If careful attention is paid, you’ll spot the location for the liquid loop – a sure sign that AMD’s next GPU will indeed feature liquid cooling – most likely a Hybrid cooling design. If one connects the dots of this supposed leak, it coincides rather nicely with a press statement AseTek made mid last month:
“Thursday, August 14, 2014 — Asetek® today announced that it has secured a design win with an undisclosed OEM customer for a graphics liquid cooling product,” begins the press release. If these rumors are true, the OEM customer would of course be AMD. “The ambitious project is forecasted by the customer to result in 2 – 4 million dollars of revenue. Shipping is scheduled to begin in the first half of 2015. The design win continues Asetek’s success in the growing graphics liquid cooling market.”
The usage of Hybrid coolers could be a good thing – perhaps solving the major criticism with the early reference Radeon R9 290x – noise and heat. The card produced so much heat the reference fan had trouble cooling it at default fan curves, which meant the GPU would often reach the thermal limit. A more aggressive fan profile certainly solved it easily enough, but then you were on the receiving end of increased noise as a direct result. Here’s hoping we’ll have the best of both worlds with this new design.

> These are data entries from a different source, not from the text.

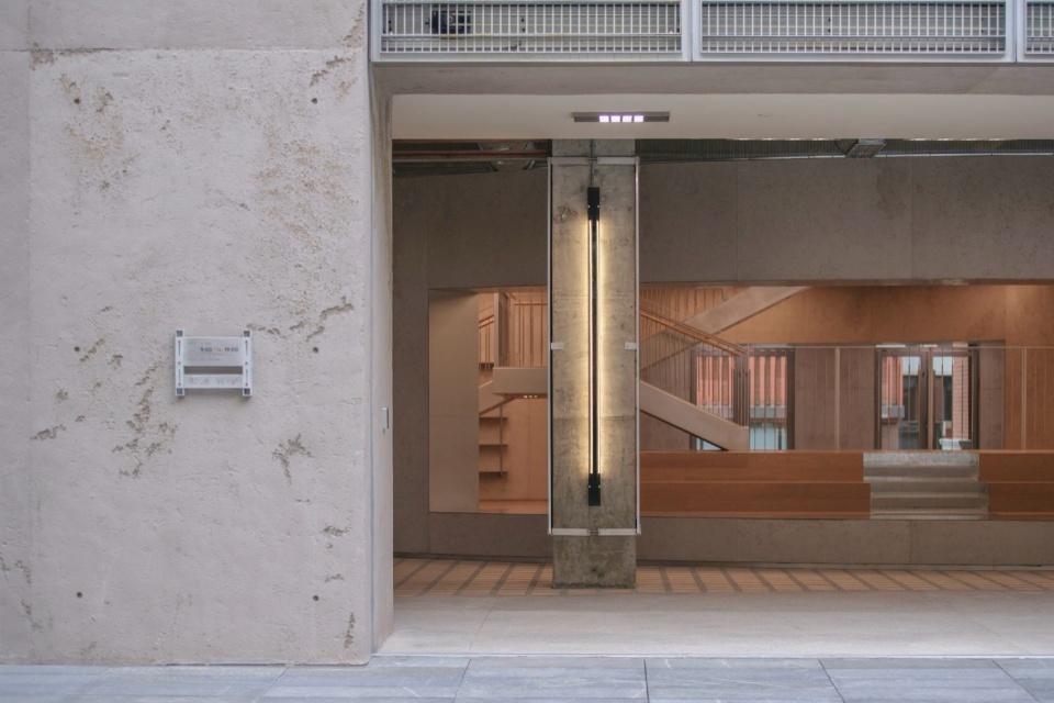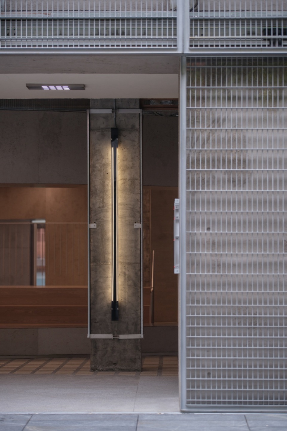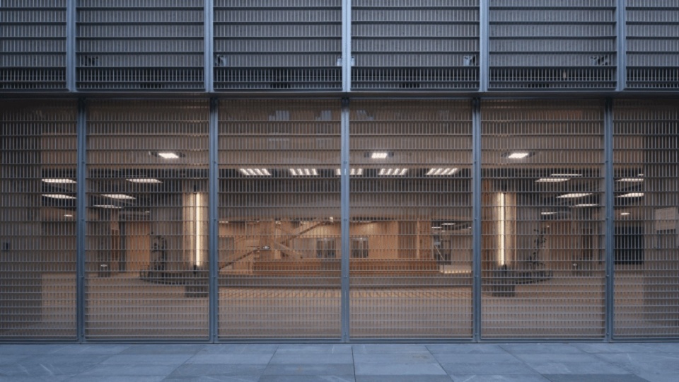 我们以一种先锋性的金属幕帘为建筑开启一层有界的面纱,入口的金属滑门虚实相间,让自然渗透。另一侧,我们为「器空间Organhaus」定制的金属大门,序列的网格规则构成一种机械构造,可折叠开合的入口形式,它延续了Organhaus的艺术实验精神,像嵌在山城的机库大门向艺术家和创作者们开放。
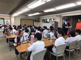 開舎式も終わり、お昼ご飯を食べています。お弁当美味しくいただいています。
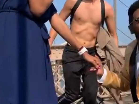 Dok je klečao na jednom kolenu držeći za ruku svoju buduću nevestu, na fotografkinju koja je sve pokušavala da ovekovoči je naleteo "golišavi" biciklista. Oboje su tresnuli o zemlju, ali mladoženja se nije dao zbuniti...
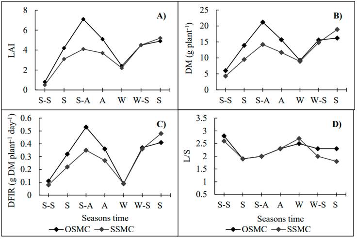The LAI showed the highest values in the spring, summer and summer-autumn periods, standing out in the OSMC plot during the summer, and then exhibiting an even behavior between the two soil moisture contents (OSMC and SSMC) in the rest of the year (Figure 2A). A similar behavior was observed for DM (Figure 2B) and DFIR (Figure 2C). L/S showed less variation by soil moisture content during the entire evaluation period (Figure 2C). These results coincide with the seasonal behavior of the temperature, which increases with the beginning of spring and reaches its highest values during the summer, being related to a higher incidence of solar radiation, with the consequent increase in the photosynthetic rate, and then begins to decrease in autumn, due to the beginning of the decrease in temperature24. Higher LAI values translate into higher biomass production25.
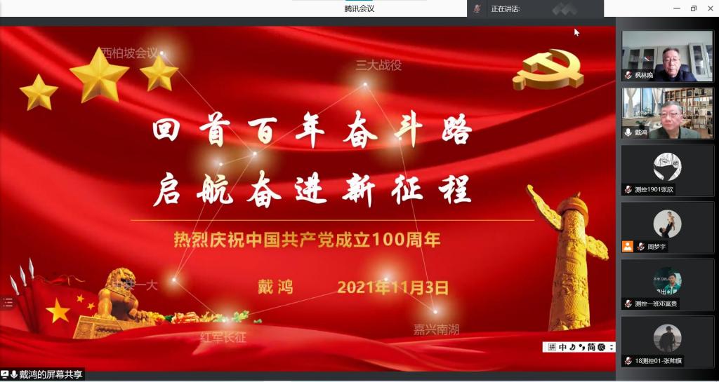 戴鸿以“回首百年奋斗路,启航新征程”为题,以时间为脉络,讲授了党的百年奋斗史,从新民主主义时期、社会主义革命和建设时期以及改革开放社会主义现代化建设时期这三个时期讲述中国共产党的发展,回首百年的艰辛与辉煌,从一大到十九大再到现在的百年征程,中国共产党走过了整整一百年的历程,这是用鲜血、汗水、泪水、勇气、智慧和力量写就的百年,是披荆斩棘、艰苦创业、砥砺前行、充满艰险的百年,逐步实现救国兴国富国强国的奋斗目标,是中国共产党百年的庄严使命。
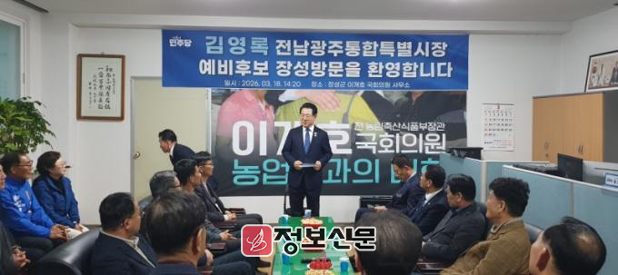![]() 김영록 민주당 전남광주특별시장 예비후보가 18일 민주당 장성지역위를 찾아 당원들과 간담회를 갖고 있다.
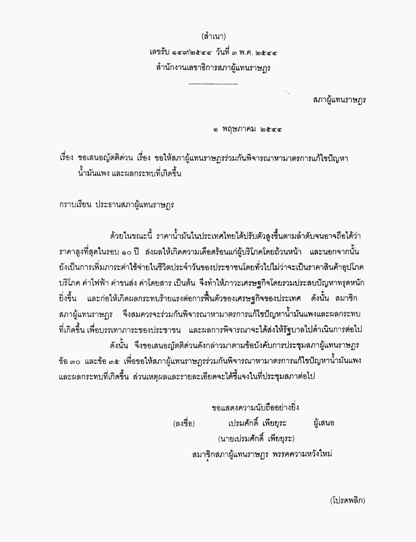• ขอเสนอญัตติด่วน เรื่อง ขอให้สภาผู้แทนราษฎรร่วมกันพิจารณาหามาตรการแก้ไขปัญหาน้ำมันแพง และผลกระทบที่เกิดขึ้น
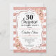 Convite para aniversário de 30 anos surpresa. Design branco feminino, cor-de-rosa, com ouro rosa brilhante falso. Apresenta faixas, rosas de pincelada, fonte de script e confetti. Perfeito para uma bolsa mensageifesta de aniversario elegante. Pode ser personalizado para mostrar qualquer idade. Envie-me uma mensagem se precisar de mais personalização.
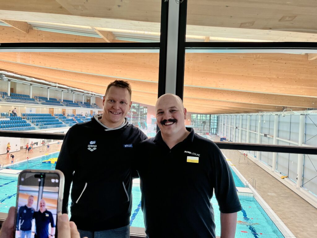 While waiting for swimmable conditions, there are plenty of places to train for and acclimatize to the North Channel. In Bangor, a 50m pool within the Bangor Aurora Aquatic and Leisure Complex, managed by Pearce Jamison [shown below to the right of Andreas Waschburger), affords pool training with a digital pace clock. The pool is located at 3 Valentine Road, Bangor, Co-Down, Northern Ireland BT20 4TH.

The R9 390X has no leaked specs – and I’ll not go on record and start speculation – but one can only assume AMD will want to be fairly competitive with Maxwell in price and performance. From what we’re seeing (with rumor and early ‘leaks’) the Maxwell architecture is faster than Kepler, but isn’t a revolution. That is the 980 will be faster than the 780, but won’t leave it standing.
Hopefully AMD can produce a great competitive product to keep both companies pricing low and competitive.
There’s a slide that was released way back in July by Synapse. This slide shows the R9 390X could well be 500 sq.mm, and run at a potential 1GHZ plus. It would appear that Fiji will indeed be a 28nm process, but I suppose it’s possible it could receive a die shrink, similar to what Nvidia want to do with Maxwell.